Step 6: Wiping Cache And Data [Caution: Substantial data deleted]
Again, the free version of CCleaner is good enough to get the job done. Install and run it, choose the ‘Cleaner’ tab, and check all the boxes in ‘Windows’ and ‘Applications’. Hit the ‘Analyze’ button, which should take a few minutes. Once the analysis is complete, click ‘Run Cleaner’. This wipes out a lot of important data, including temporary files, browser cookies and information, etc.
Then go to the ‘Registry’ tab, make sure all the boxes are checked and hit ‘Scan for Issues’. Once the scan is done, select all the items and click ‘Fix Selected Issues’.
Next, go to the ‘Tools’ tab. The ‘Uninstall’ sub-tab should be empty, except for Ccleaner itself and Revo Uninstaller, since you removed all the other software through Revo. The ‘Startup’ tab might still have some entries, so select and delete each of these. Do the same for System Restore to remove all the restore points you have saved.

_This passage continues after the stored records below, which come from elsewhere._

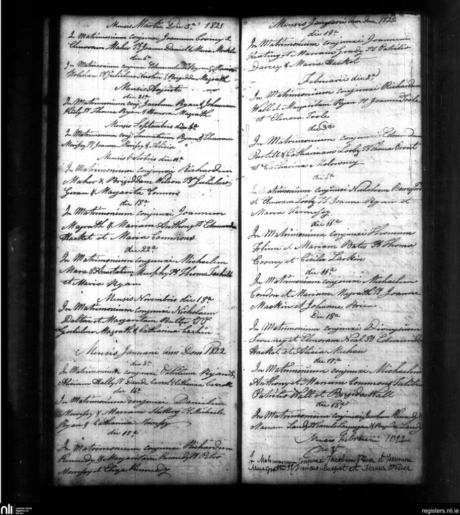 Powerstown; County of Tipperary; Diocese of Waterford and Lismore. Marriages, Mar. 1821 to Feb. 1822
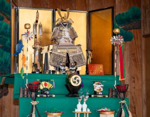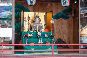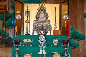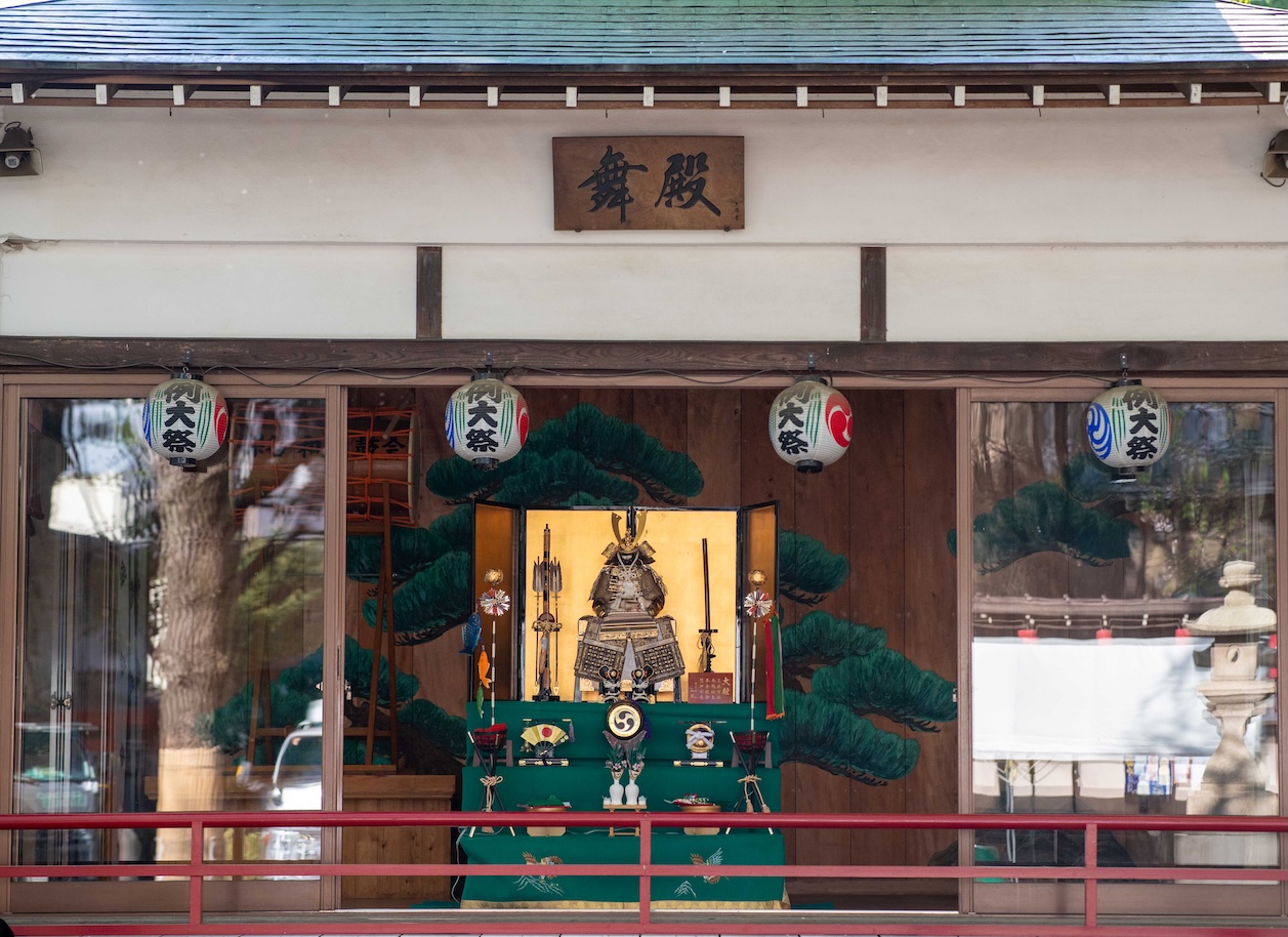 田無神社舞殿では、4月8日(水)から5月6日(水)までの期間、男の子の健やかな成長と健康を願い、五月人形をお飾りいたします。
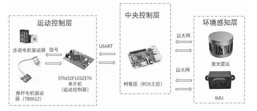 该系统的硬件系统主要由移动系统、IMU、3D激光雷达和树莓派(ROS主控)等组成,硬件系统框架如图15所示。
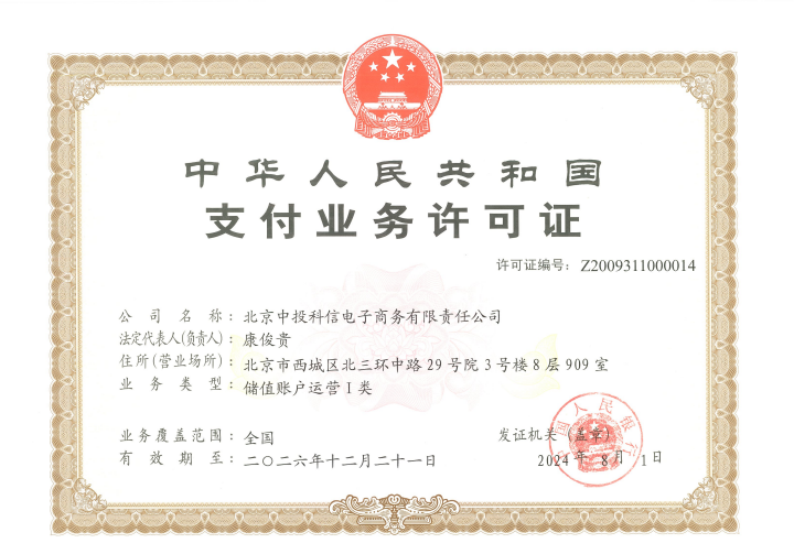 支付业务许可证是中国人民银行为了促进支付服务市场健康发展,规范非银行支付机构支付服务行为所颁发和管理的。 中投科信于2011年12月获批此证。
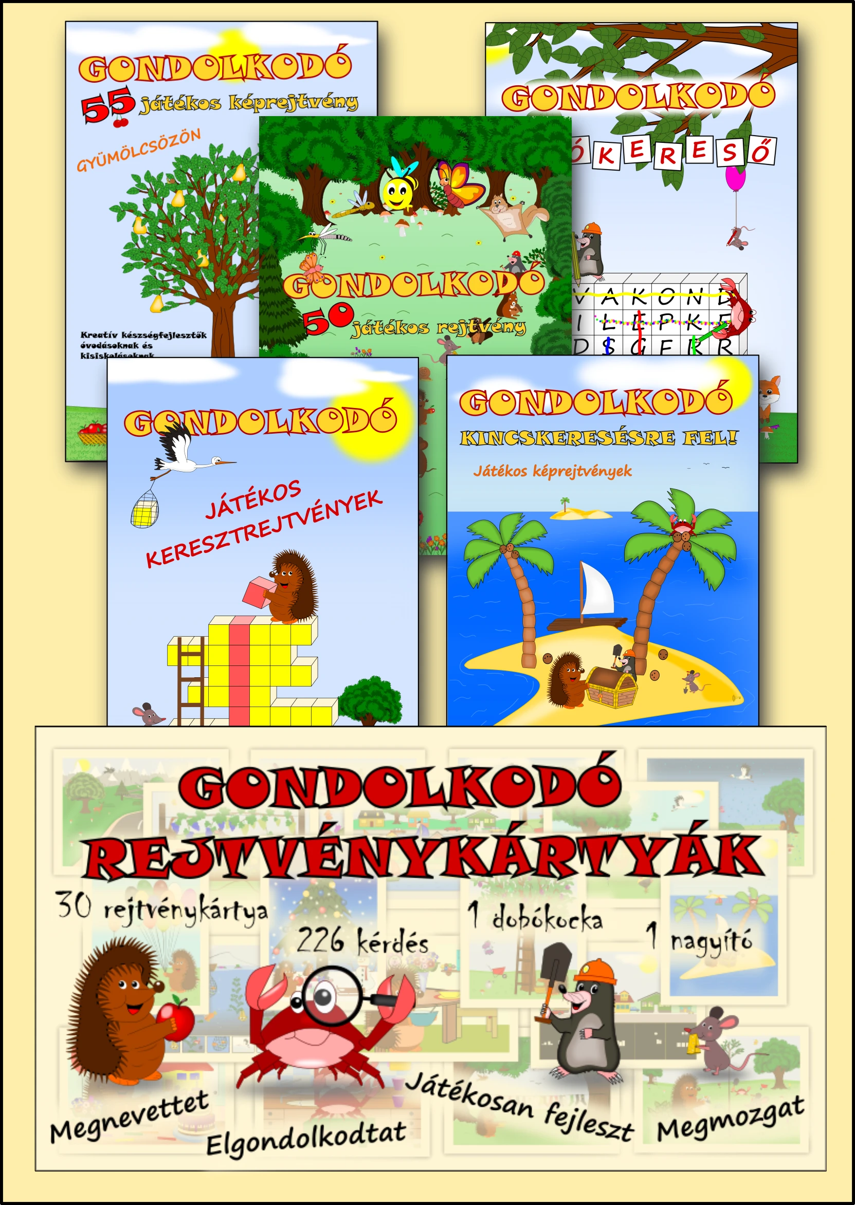 Továbbá érdemes beszerezni a Gondolkodó rejtvénykártya csomagot, mely 30 kártyából, 226 kérdésből, 1 dobókockából és egy nagyítóból áll, hogy valóban játék legyen a rejtvényfejtés. A feladványok elgondolkodtatnak, megnevettetnek, megmozgatnak és közben játékosan fejlesztenek.
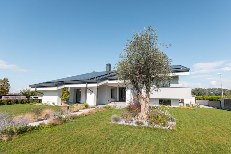 L’obiettivo dei clienti era ottenere spazi più luminosi e moderni: per questo abbiamo ampliato i fori finestra, introducendo serramenti in alluminio e aprendo gli ambienti verso il grande giardino esterno.
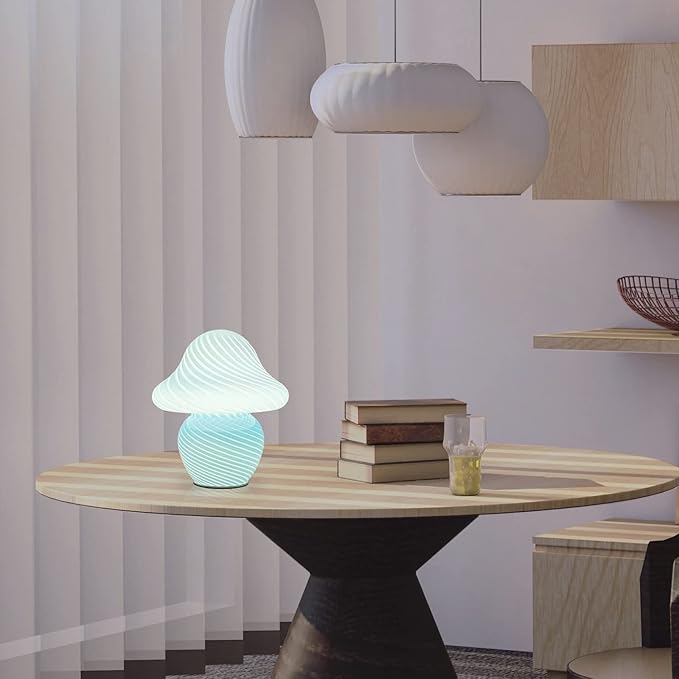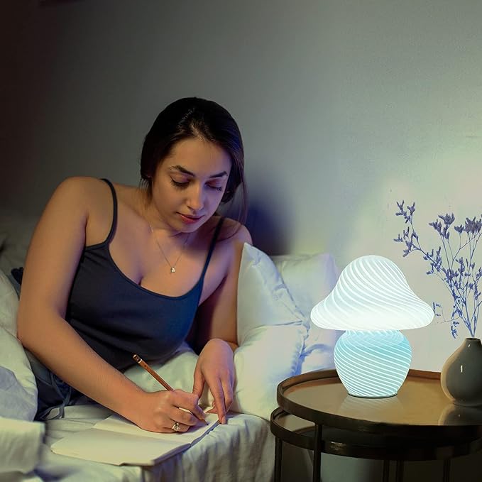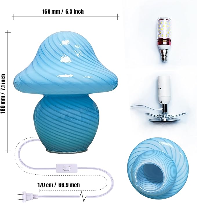 - 【Easy to clean, dust-proof design】:The glass mushroom table lamp is simple in structure, easy to operate and maintain. The one-piece closed glass design will not let dust enter the interior. The semi-circular top has a smooth appearance, not easy to accumulate dust, and easy to wipe.

Drive Wiper is a good option, but we have something better in the form of Complete Data Wipe.
Step 7: Deleting Personal Data [Extreme Caution: Major Data Delete]
Once again, I hope you have backed up all your important data because this step is going to get rid of everything you have stored on your hard drive.
Install and run Complete Data Wipe, and go to File -> New Task [Ctrl+N]. The ‘Files In Folder’ option is all we will deal with here. If you have multiple partitions, then choose every partition apart from C Drive. Then open C Drive and choose every folder apart from ‘Windows’. Once all of these appear in the Complete Data Wipe list, go to Task -> Run All [Ctrl+Alt+R]. It takes a fair bit of time, but Complete Wipe Data will shred and delete all your files in a way that even recovery programs like Recuva can’t put the files back together again.
Step 8: Deleting Windows Settings [Caution: Settings Delete]
Finally, it’s time to take out a few items deeply rooted into Windows.
First, the network connections. Windows stores WiFi passwords so you don’t have to type them each time. Go to the ‘Network and Sharing Center’ in Control Panel, and click ‘Manage Network Connections’ in the left panel. Right-click every network listed there, and choose ‘Remove Network’.
Second, it’s time to delete all the user accounts. Before you start, make sure you log off and log back in as the default Administrator. Next, hit the Start button, type ‘User Accounts’ and hit Enter. Click ‘Manage another account’ in the options. Choose any account apart the Administrator you are currently operating and delete the account. When it asks where to keep or delete files, choose Delete Files.
This is a bit paranoid, but just in case you want to be really, really, really sure all your data is wiped clean, I’d recommend you run Step 7 one more time at this point.
And just like that, you’re done! Reboot once and make sure all the data is gone. Time to resell/recycle that PC!